A continual test-time domain adaptation method for online machinery fault diagnosis under dynamic operating conditions.

In practical industrial scenarios, monitoring data is collected in a streaming fashion under dynamic changes in operating conditions of mechanical systems, with continual covariate shift and label shift occurring in the collected data. Traditional transfer learning-based fault diagnosis methods typically involve pre-collecting substantial monitoring data for offline training and testing under static conditions. These approaches cannot adjust the model in real-time to continuous data shifts caused by dynamically changing conditions, resulting in a lack of adaptability and generalization. To overcome this practical challenge, a continual test-time domain adaptation (CTDA) approach with a teacher-student framework is developed for online machinery fault diagnosis under dynamic operating conditions in this study. Firstly, a class-balanced sampling mechanism is proposed to eliminate the impact of continual condition label shift by enforcing the model to learn from a uniform label distribution.

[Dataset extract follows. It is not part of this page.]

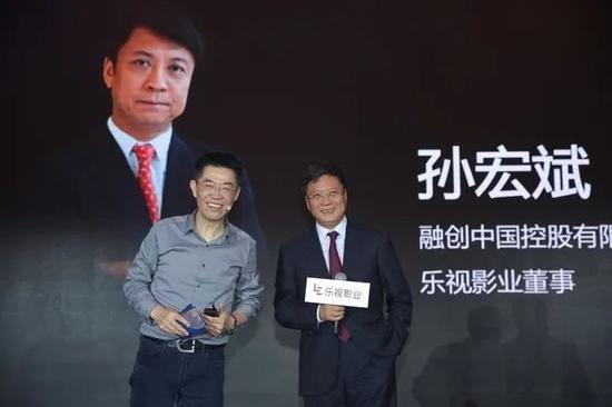 张昭与孙宏斌合影,场景为2018年乐创文娱发布会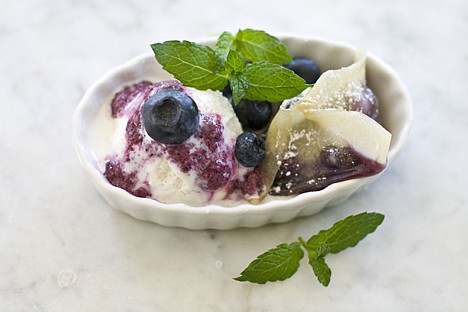 Thinking about pot stickers recently, it occurred to me that if you swapped out the savory for something sweet, you'd have a dandy little dessert on your hands. And this time of year, when I think sweet, I think blueberries. They're still thick on the bushes at summer's end when we take our annual vacation at my parents' farm. I had a feeling that blueberries would show up very well in a dessert pot sticker.

Secondly, a joint positive-negative learning strategy is employed to guide model optimization and reduce the interference from pseudo-label noise. Lastly, the continual covariate shift is mitigated by performing the knowledge alignment between the teacher and student models. Comprehensive experiments on four rotating machinery datasets demonstrate that the proposed method improves average diagnosis accuracy by 3.78% in handling dynamic industrial streaming data compared to existing fault diagnosis methods.